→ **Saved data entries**

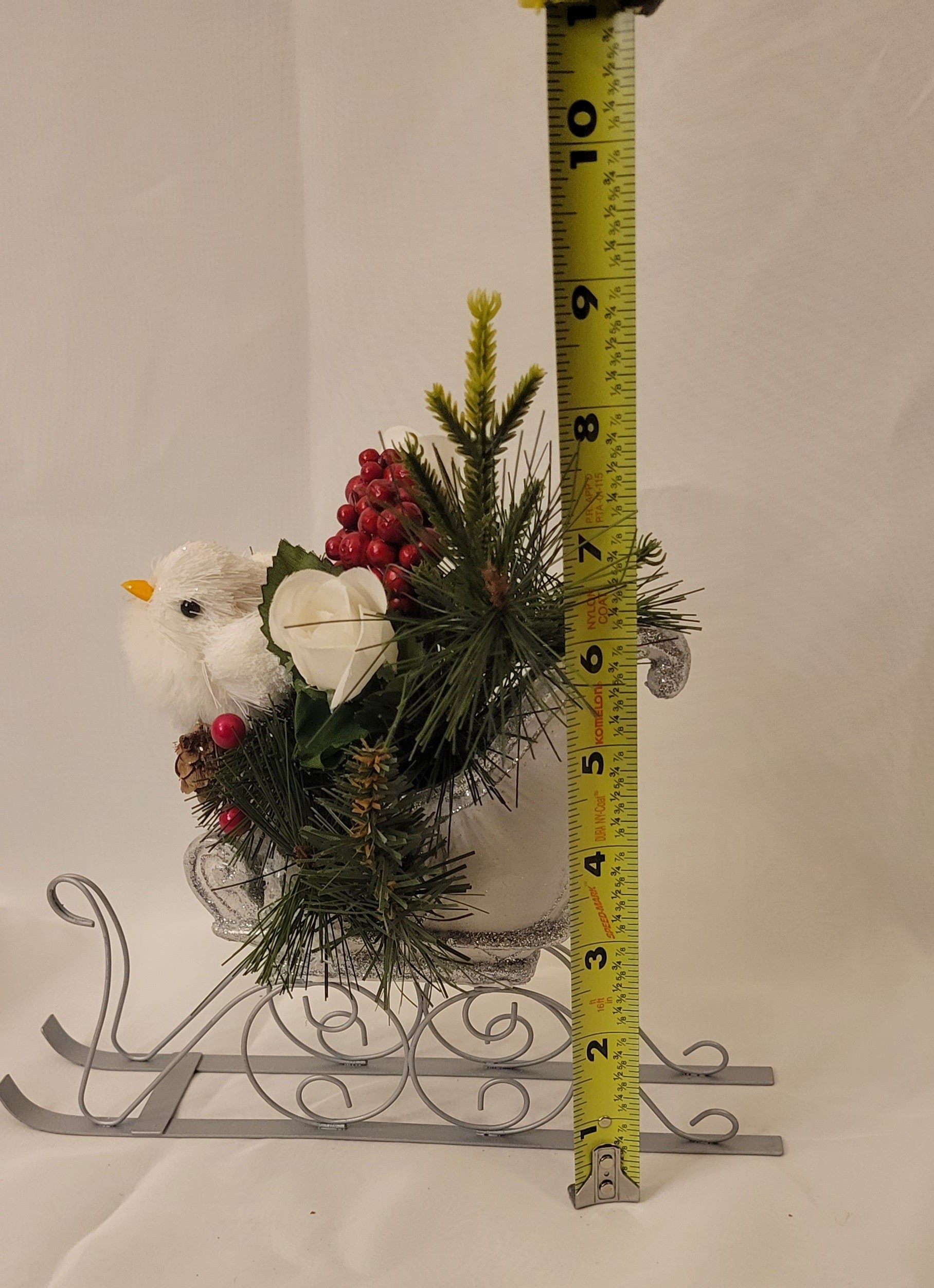 Within this dazzling sleigh is an arrangement that speaks of winter's natural elegance. Artificial greenery and winter florals lay the foundation, creating a lush and verdant backdrop. Nestled amongst these are pristine white roses, their beauty and purity echoing the tranquil calm of a winter's day. But the true centerpiece of this arrangement is the beautifully crafted white chickadee, perched gracefully, adding a touch of lifelike charm and whimsy.
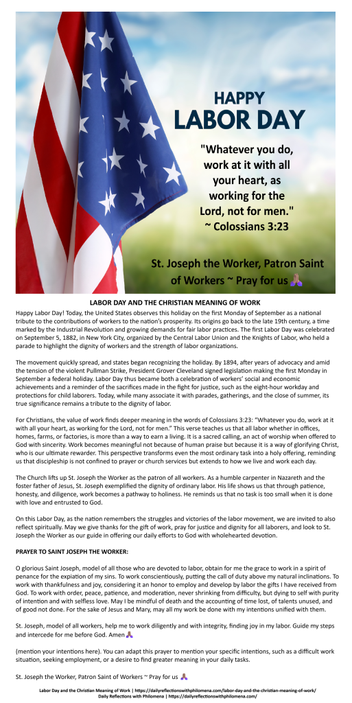 Labor Day and the Christian Meaning of Work | https://dailyreflectionswithphilomena.com/labor-day-and-the-christian-meaning-of-work/
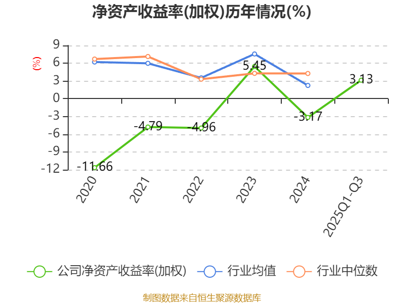 盈利能力方面, 2025年前三季度公司加权平均净资产收益率为3.13%,同比上升1.89个百分点。公司2025年前三季度投入资本回报率为2.52%,较上年同期上升2.21个百分点。
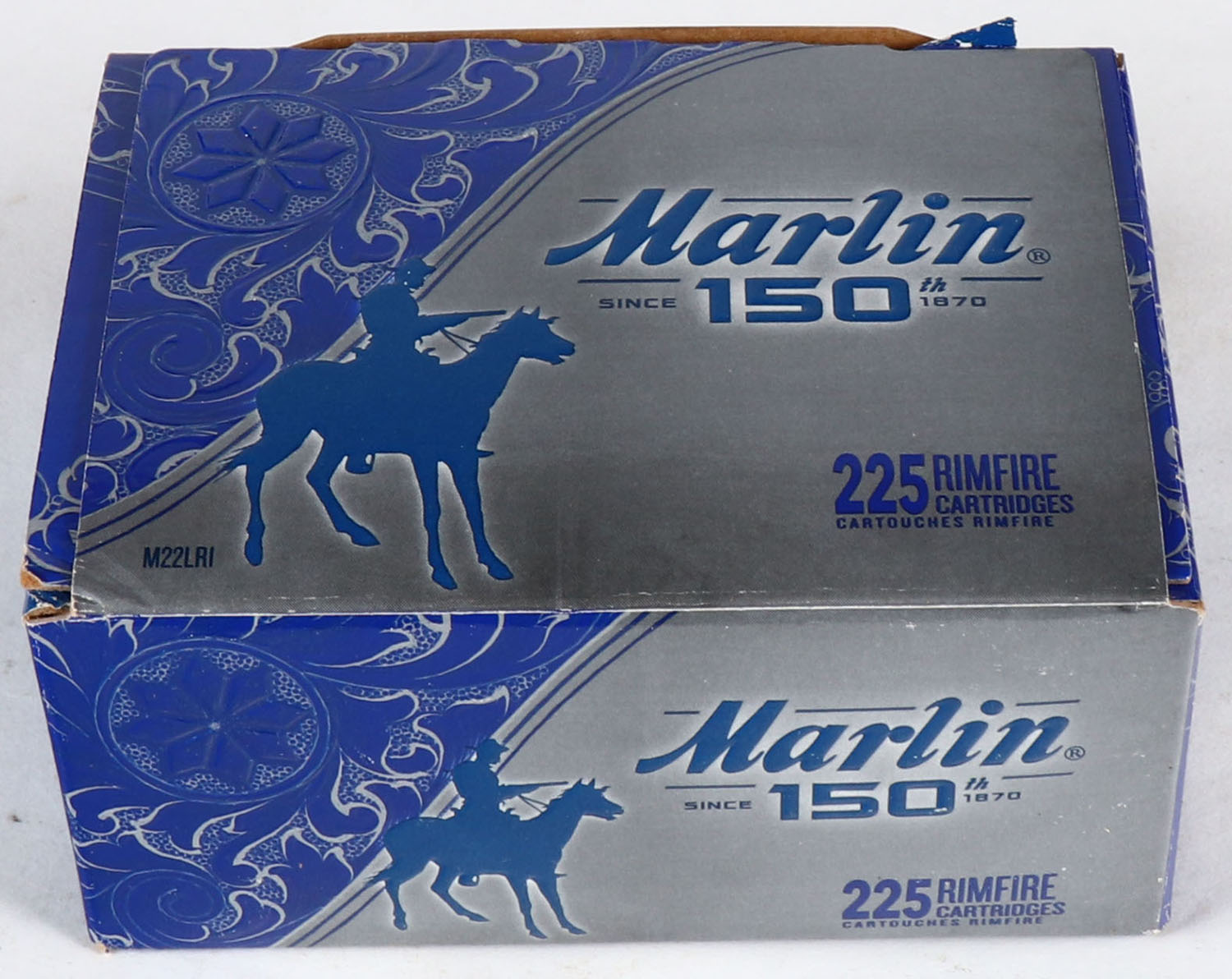 Marlin, 150th Anniversary, .22 Long Rifle Hollow Point, 1280 FPS, Full, 225rds. Silver & blue bulk box, box is MINT with minty color, corners are sharp, edges are crisp, top flap is solid, ammo is mint. Grade: MINT - Value: 200 to 600
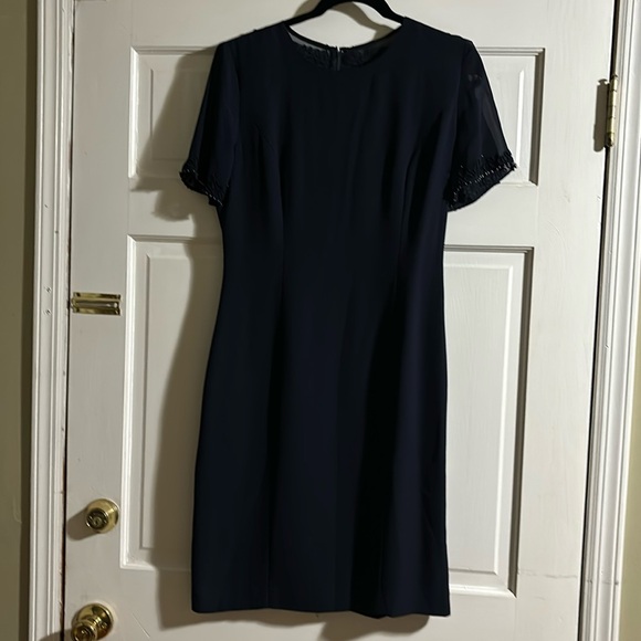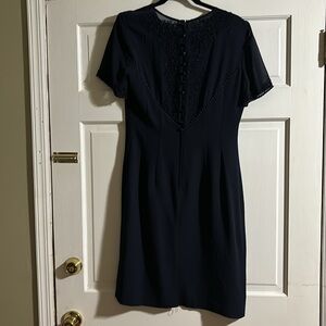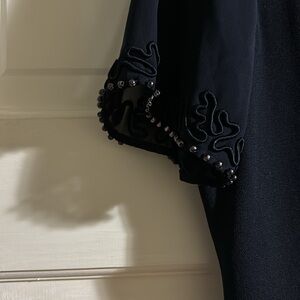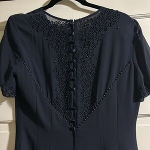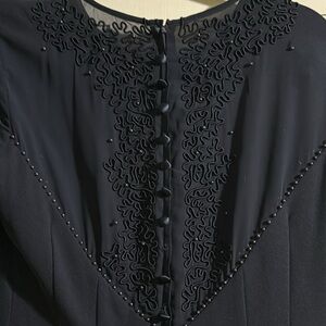 Beautiful details on the back and sleeves. Has a back zipper and buttons. One button is missing and other needs tighten. Slip in the back.
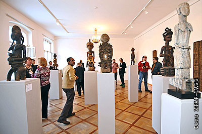 Посетители на выставке "Habari Afrika" из коллекции Рейнхарда Климмта, которая открылась в рамках "Недели Германии в Санкт-Петербурге" в Государственном музее городской скульптуры
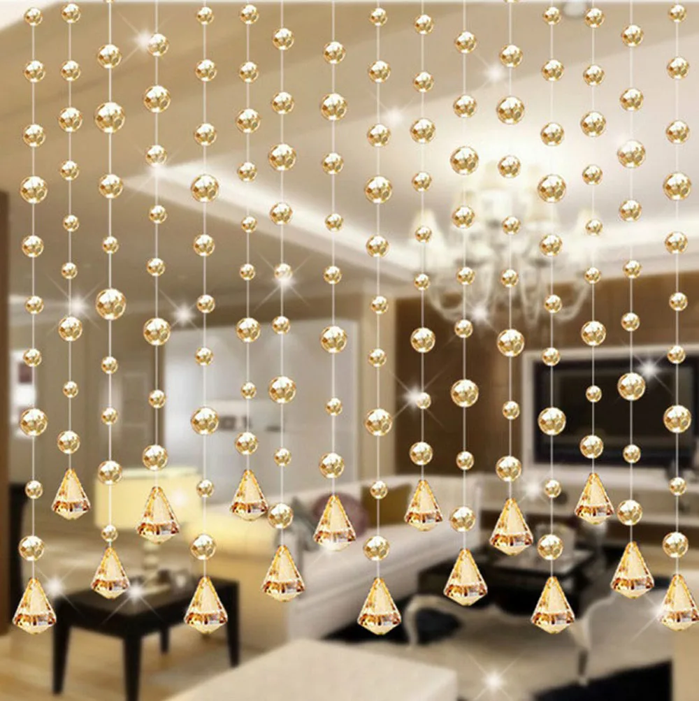 - 1xLuksusowe szklane koraliki drzwi ciąg zasłona z frędzlami Panel rozdzielacza ślubu wystrój pokoju (nie obejmuje wisiorek)
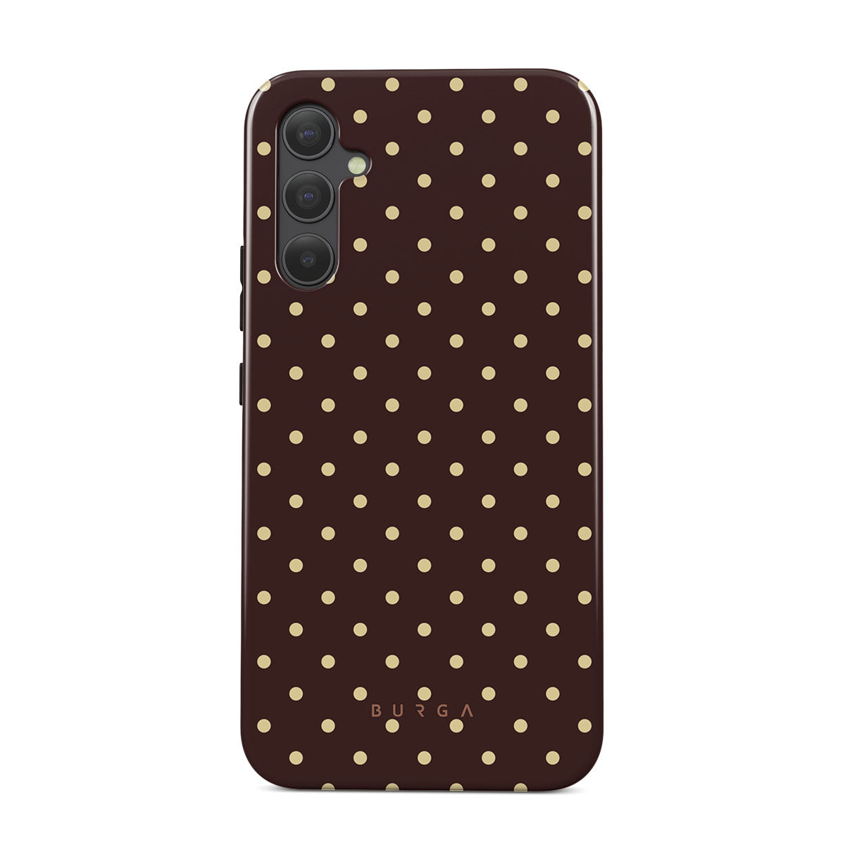 Playful yet polished, our Sorry Busy Samsung Galaxy A34 phone case design features a warm brown background sprinkled with delicate beige polka dots, blending charm with a professional edge. It's for those who keep it stylish, even when fully booked and thriving.
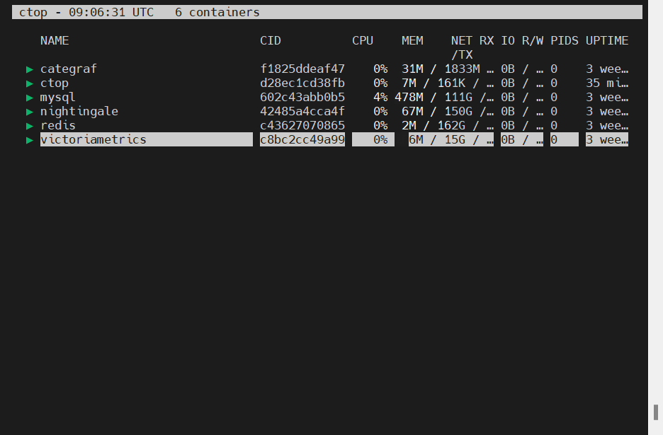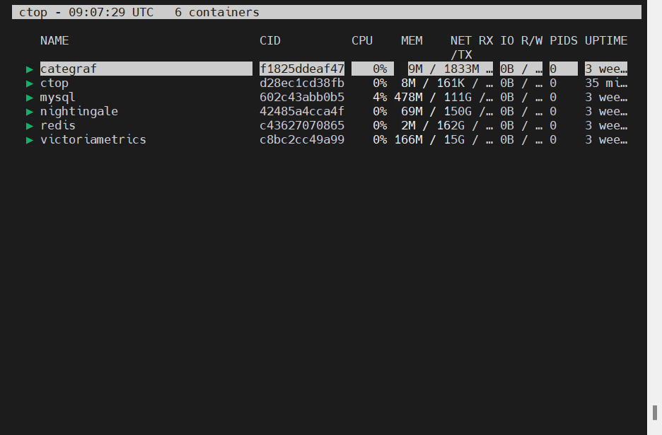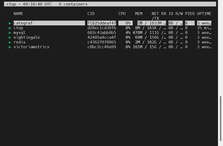 注意:此容器为单次运行!每次使用时需执行下面的命令进行使用!仅创建一个临时的容器。sudo docker run --rm -ti \ --name=ctop \ --volume /var/run/docker.sock:/var/run/docker.sock:ro \ quay.io/vektorlab/ctop:latest执行完上面的命令之后就自动进入容器交互页面
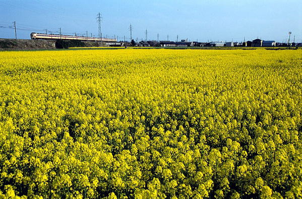 ●花絨毯 7029M 特急「雷鳥29号」 JR西日本 湖西線 新旭→近江今津 (滋賀県高島市新旭町餐庭) 2007.04.15 MINOLTA α-7/TAMRON AF ASPHERICAL LD 28-300mm F3.5-6.3 何となく車を南に向けて走らせていると、家の隙間から黄色いモノが見えました。凄い面積でしかもキレイに菜の花が咲き誇っています!!これは撮らねばと現場を目指しましたが、通過まで時間が無く、ギリギリでこのアングルを見つけて撮りました。 |

→ **Task requirements**
Omit the pictures and write out the lines above from the one with "Marlin, 150th Anniversary, .22" through the last, unchanged.

→ **Response to this exercise**
 Marlin, 150th Anniversary, .22 Long Rifle Hollow Point, 1280 FPS, Full, 225rds. Silver & blue bulk box, box is MINT with minty color, corners are sharp, edges are crisp, top flap is solid, ammo is mint. Grade: MINT - Value: 200 to 600
 Beautiful details on the back and sleeves. Has a back zipper and buttons. One button is missing and other needs tighten. Slip in the back.
 Посетители на выставке "Habari Afrika" из коллекции Рейнхарда Климмта, которая открылась в рамках "Недели Германии в Санкт-Петербурге" в Государственном музее городской скульптуры
 - 1xLuksusowe szklane koraliki drzwi ciąg zasłona z frędzlami Panel rozdzielacza ślubu wystrój pokoju (nie obejmuje wisiorek)
 Playful yet polished, our Sorry Busy Samsung Galaxy A34 phone case design features a warm brown background sprinkled with delicate beige polka dots, blending charm with a professional edge. It's for those who keep it stylish, even when fully booked and thriving.
 注意:此容器为单次运行!每次使用时需执行下面的命令进行使用!仅创建一个临时的容器。sudo docker run --rm -ti \ --name=ctop \ --volume /var/run/docker.sock:/var/run/docker.sock:ro \ quay.io/vektorlab/ctop:latest执行完上面的命令之后就自动进入容器交互页面
 ●花絨毯 7029M 特急「雷鳥29号」 JR西日本 湖西線 新旭→近江今津 (滋賀県高島市新旭町餐庭) 2007.04.15 MINOLTA α-7/TAMRON AF ASPHERICAL LD 28-300mm F3.5-6.3 何となく車を南に向けて走らせていると、家の隙間から黄色いモノが見えました。凄い面積でしかもキレイに菜の花が咲き誇っています!!これは撮らねばと現場を目指しましたが、通過まで時間が無く、ギリギリでこのアングルを見つけて撮りました。 |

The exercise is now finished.